The time for state experiments is past. During the period of retrenchment, state experiments made sense. They not only showed what is possible, but also kept people in motion. Combining these experiences with national movements to get Congress to act is the next strategic step. A good idea is to pressure state and local government to memorialize Congress to begin enacting universal health care coverage.

Special Role for Medicare/Medicaid The Bush administration is aiming its salvoes against two of the most important entitlement programs: Medicare and Social Security.

Privatization, in whole or in part, is their primary goal. But these entitlement programs are the building blocks of a national health care system.

While Medicare was enacted to provide health services for people over 65, it also provides important health services for the disabled.
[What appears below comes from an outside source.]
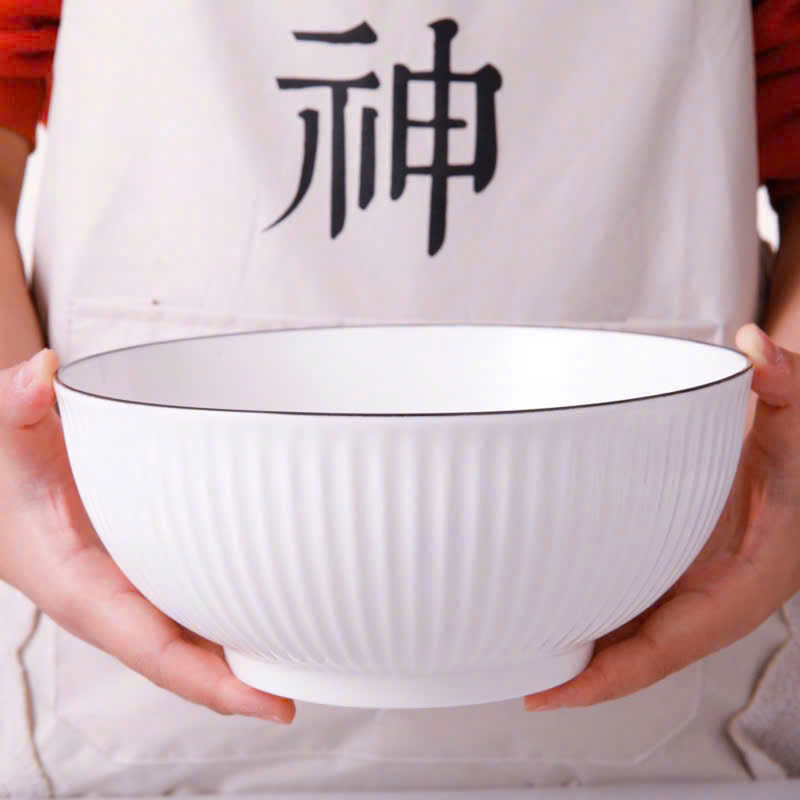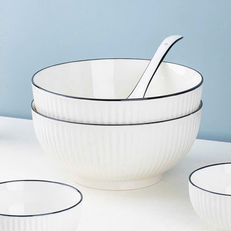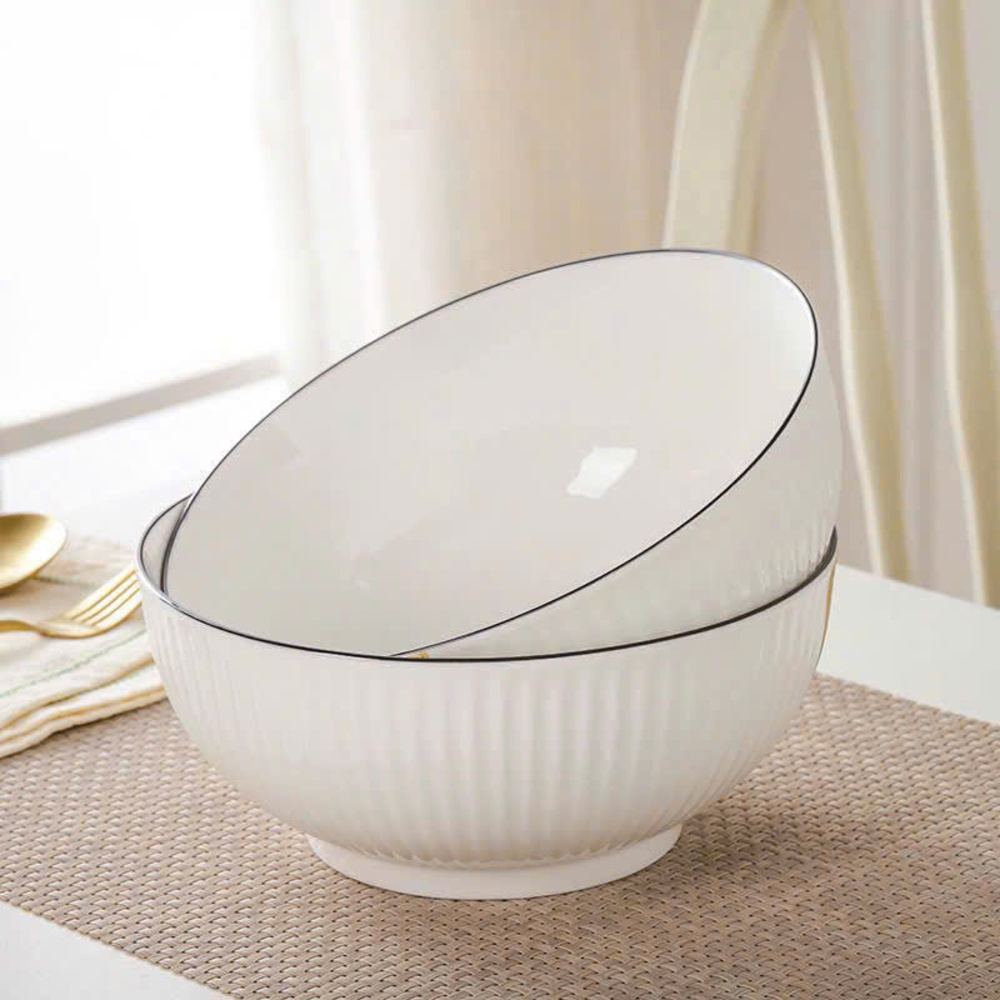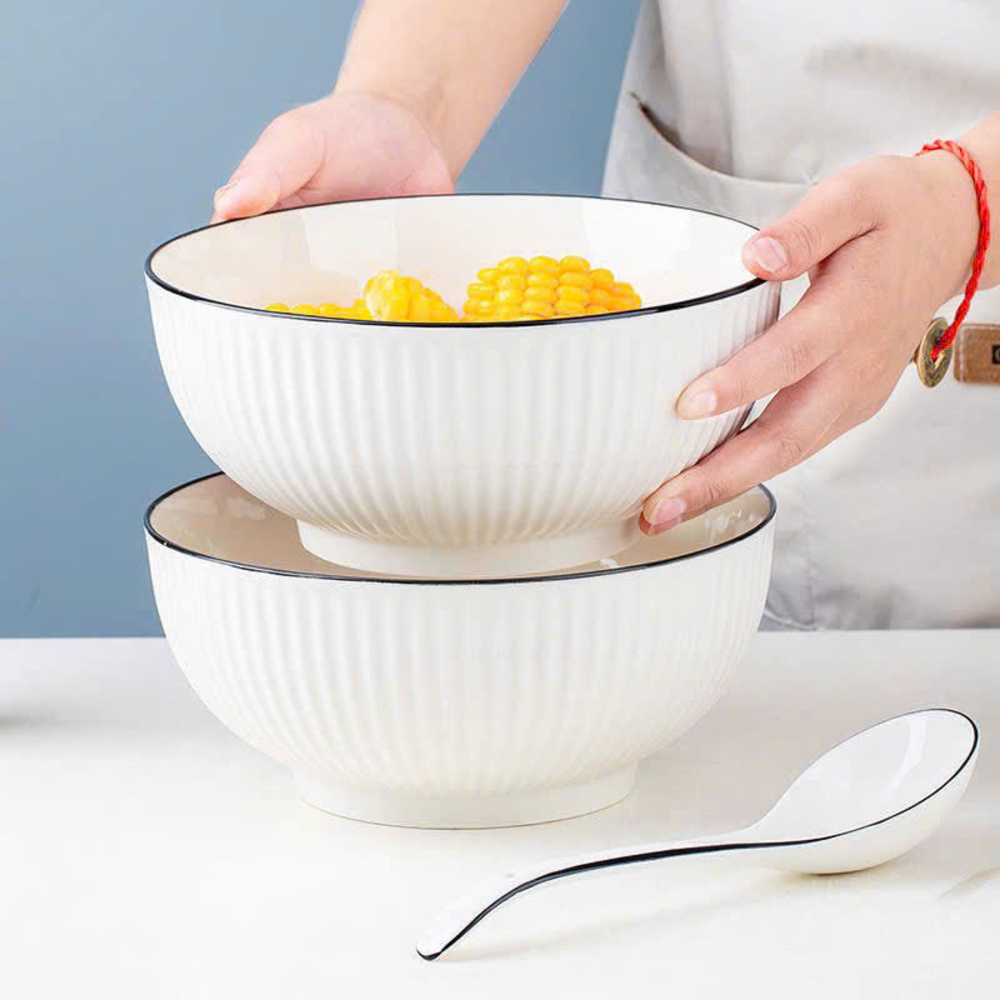 Tô bầu sứ vân sọc trắng viền đen size 20cm (số 8) mang phong cách tối giản hiện đại, phù hợp sử dụng trong gia đình, quán ăn, nhà hàng. Thiết kế lòng sâu, miệng rộng giúp đựng canh, bún, phở, mì hoặc salad tiện lợi, tăng tính thẩm mỹ cho bàn ăn. 🍜✨

Since enactment, it has unfortunately been administered by insurance carriers. That was the price Congress had to pay. It was a big mistake. In the 1990s Medicare has been privatized, to some extent, into so-called HMOs run by different insurance companies. But, this partial privatization has not been enough for the Bush ideologues. They now demand, as the price for prescription drug, the full program be privatized into for-profit insurance carriers.

This carrot-and-stick approach must be militantly opposed. It is already being opposed by all Medicare activists and the labor movement. As the AFL-CIO resolution correctly notes, these changes in Medicare would mean that “insurance executives rather than Medicare” would decide its future.

Medicaid The most insidious attack is in regard to Medicaid. Medicaid is a life-and-death issue to millions. It has too little political support as its recipients are not powerful enough to protect their own interests. This is a cutthroat effort to stop Medicaid as an entitlement program and turn it into a so-called block grant to state governors. Block grants carry few restrictions for use. This proposal would have fallen mostly on deaf ears, but Bush ideologues are more than aware that governors are in terrible financial shape and are crying to Washington, DC for help.

To sweeten the pie, Bush is offering more Medicaid money to those governors who take it.

Stopping Bush Bush may not care about the people’s will, but all candidates for the House of Representatives, the Senate and Democratic hopefuls for the White House in 2004 must have a different agenda. Even the Republicans’ allegiance to the ultra-right and their bogus think tank ideas are tempered by reelection efforts.

Every candidate for Congress and the Senate must be approached and pressured to save and improve Medicare and Medicaid; and, now, under the leadership of the AFL-CIO Executive Council’s resolution, to fight for a national health program.

Labor put the question squarely: “Now, even more than in the past, the AFL-CIO believes strongly that universal coverage is the best and ultimately only way to achieve the goal of extending affordable, high quality health care to all Americans.”

By making health care a priority and beginning the process of an expedited legislative struggle to enact a national health program, labor and its allies are making it clear to all politicians that our country must join the rest of the human race. In most industrial countries, health care is a human right, not a privilege. This goal is fully achievable, but it will require the broadest peoples’ struggle under the leadership of labor. Advocates from every mass struggle in our country must be included. We can leap frog over traditional national health insurance schemes and achieve the full comprehensive system that is called for in the national health service program (HR-080) introduced each year by heroine Barbara Lee, Congresswoman from California. This makes practical sense since to adequately implement a real national health program there must be more trained health professionals; public facilities for the delivery of health services; and health planning to make sure it all works.

--Phil E. Benjamin is health editor for Political Affairs.